Advances in horizontal drilling and multistage hydraulic fracturing have made production from low permeability reservoirs possible and economical. Careful measurements of core permeability in shale reservoirs indicate that matrix permeability is in the nano-Darcy range. These permeabilities are too low to support economic flow rates that have been achieved in such reservoirs. Both empirically and theoretically, it can be concluded that production success is due to the multistage hydraulic fracture stimulation, which creates a large number of interconnected micro- and macro-fractures near the horizontal wellbore to support economic production rates. Using this hypothesis, we can simulate the reservoir performance of unconventional shale reservoirs both with single-porosity and dual-porosity mathematical models. In fact, the model parameters can be adjusted to provide an explanation for the decline of the rate exponent in the hyperbolic decline analysis, as we have reported in an earlier paper.
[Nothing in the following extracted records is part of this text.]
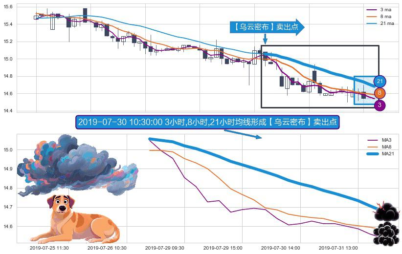 形态多维评估: ⚀ 2019-07-26 13:00:00小时-2019-07-31 15:00:00小时显现 3小时-8小时-21小时均线 【乌云密布】卖出点 看空信号,后市看跌,卖出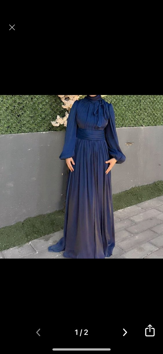 Lacivert renkli, yüksek yakalı ve uzun kollu drapeli uzun abiye elbise. Düzenli kesim ve modern klasik tarzda, düğün için uygundur. ✨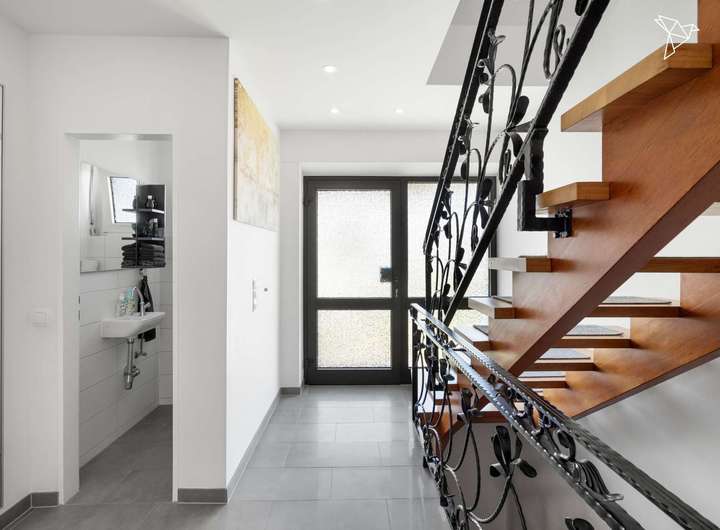 In ruhiger, familienfreundlicher Lage erwartet Sie dieses gepflegte Reiheneckhaus mit gehobener Ausstattung und durchdachtem Raumkonzept. Auf rund 124 m² Wohnfläche, verteilt auf drei Etagen, bietet die Immobilie insgesamt vier Zimmer, darunter drei Schlafzimmer – ideal für Paare oder Familien, die großzügiges und stilvolles Wohnen schätzen. Der lichtdurchflutete Wohnbereich überzeugt mit direktem Zugang zur sonnigen Terrasse und dem liebevoll angelegten Garten. Hier erwartet Sie eine grüne Oase mit Bewässerungssystem, elektrischem Brunnen und charmantem Grillplatz – perfekt für entspannte Stunden im Freien. Ein gepflegter Vorgarten unterstreicht den einladenden Charakter des Hauses. Die moderne Einbauküche ist bereits im Kaufpreis enthalten und lässt keine Wünsche offen. Ergänzt wird das Raumangebot durch ein stilvolles Tageslichtbad mit Dusche sowie ein separates Gäste-WC im Erdgeschoss. Hochwertige Ausstattungsdetails wie elektrische Rollläden im gesamten Erdgeschoss (ausgenommen Gäste-WC), doppelt verglaste Fenster und ein geschmiedetes Eisengeländer setzen elegante Akzente. Das Haus ist voll unterkellert und bietet mit einer Waschküche, einem Abstellraum und weiteren Nutzflächen viel Platz für Ordnung und Organisation. Eine überdachte Loggia sorgt für zusätzlichen Wohnkomfort, während eine Doppelgarage sowie zwei Außenstellplätze das großzügige Angebot abrunden. In den letzten Jahren wurde die Immobilie kontinuierlich modernisiert: Unter anderem wurden die Außenwände 2021 gedämmt, die Garage 2022 neu verkleidet und der Außenbereich inklusive Stellplätzen neu gepflastert. Auch Loggia, Geländer, Zaunanlage, Badezimmer und Innenausbau wurden mit viel Liebe zum Detail erneuert. Die massive Bauweise, die umfassende Dämmung sowie die gepflegten Böden und Sanitärbereiche schaffen ein Wohnambiente zum Wohlfühlen. Dieses Reiheneckhaus verbindet stilvolles Wohnen mit hochwertiger Ausstattung, einer durchdachten Raumaufteilung und einem idyllischen Außenbereich – ein perfektes Zuhause für alle, die Wert auf Qualität, Komfort und ein gepflegtes Umfeld legen.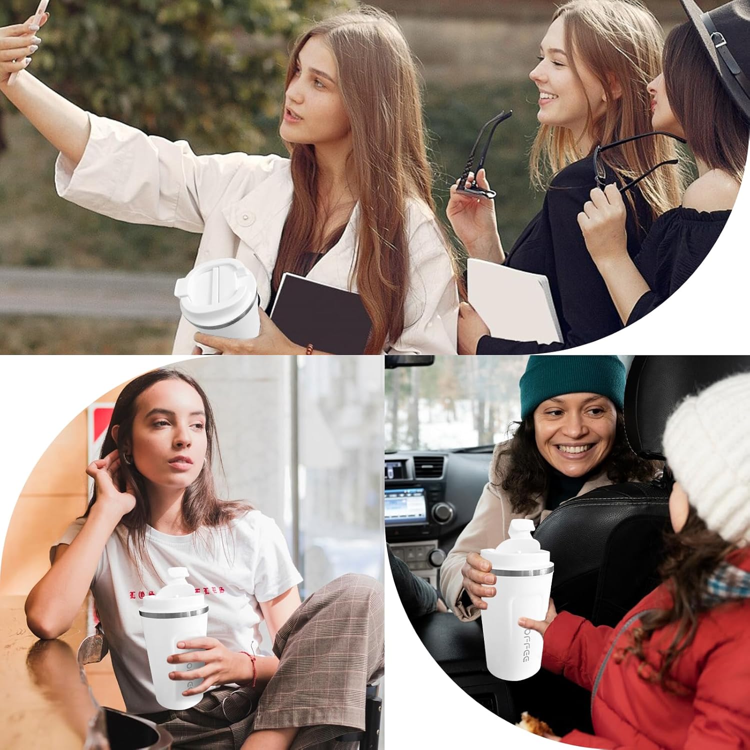 YINBAOGE Insulated Travel Coffee Mug Spill Proof Leak Proof Pobtable To Go Camping Stainless Steel Coffee Tumbler Reusable Coffee Cups with Lids Thermos for Hot and Cold Drink (2nd-White, 12 OZ)

In this paper we present the details of the reservoir modeling philosophy and gridding methodology applied to an abnormally high-pressure, unconventional shale reservoir. Results for single- and dual-porosity models will be presented and compared with the decline curve analysis (DCA) results. Furthermore, the effect of gas condensation in the pores is discussed both from the flow and thermodynamics points of view. It is concluded that much uncertainty exists about the exact nature of flow and production mechanisms in low-permeability shale reservoirs; nonetheless, one can predict future performance with acceptable engineering accuracy and reliability using intrinsically different models.
Oil and gas production from unconventional reservoirs, to include shale oil and shale gas, has contributed significantly to the U.S. domestic energy supplies and is rapidly expanding with continued improvements in horizontal well drilling and hydraulic fracturing techniques. These reservoirs are classified as to whether the hydrocarbon source is an integral part of the reservoir rock fabric (self-sourced, as in Haynesville), or is adjacent to the reservoir (locally sourced, as in Bakken), or is located at large distances from the reservoir and require significant hydrocarbon migration (externally sourced, as in Austin Chalk) (Tepper et al., 2013).
Abnormally high pressure, low permeability and low porosity characteristics are common attributes for most of the shale plays and, more importantly, the reservoir ultimate recovery potential depends on several key parameters: lithology, mineralogy, thermal maturity level, fluid properties, and pore types. A correlation based on permeability, dominant flowing phase and its viscosity is shown on Fig.1 (Bohacs, et al., 2013). The ratio of permeability and viscosity indicates that dry gas, such as Marcellus, can flow at significant rates in nano-darcy rock whereas black oil, such as Bakken, requires relatively higher permeability rocks for economic rates. Specifically, in shale oil reservoirs, existence of relatively larger inter-and intra-granular pores and pore throats and fracture porosity provides sufficient ease of mobility to oil to generate economic well flow rates. In contrast, the flow of gas in smaller diameter pores, existing within the kerogen in shale gas reservoirs, as in Barnett, is facilitated by a favorable thermodynamic phase envelop shift and Knudsen flow (Pang, et al., 2012).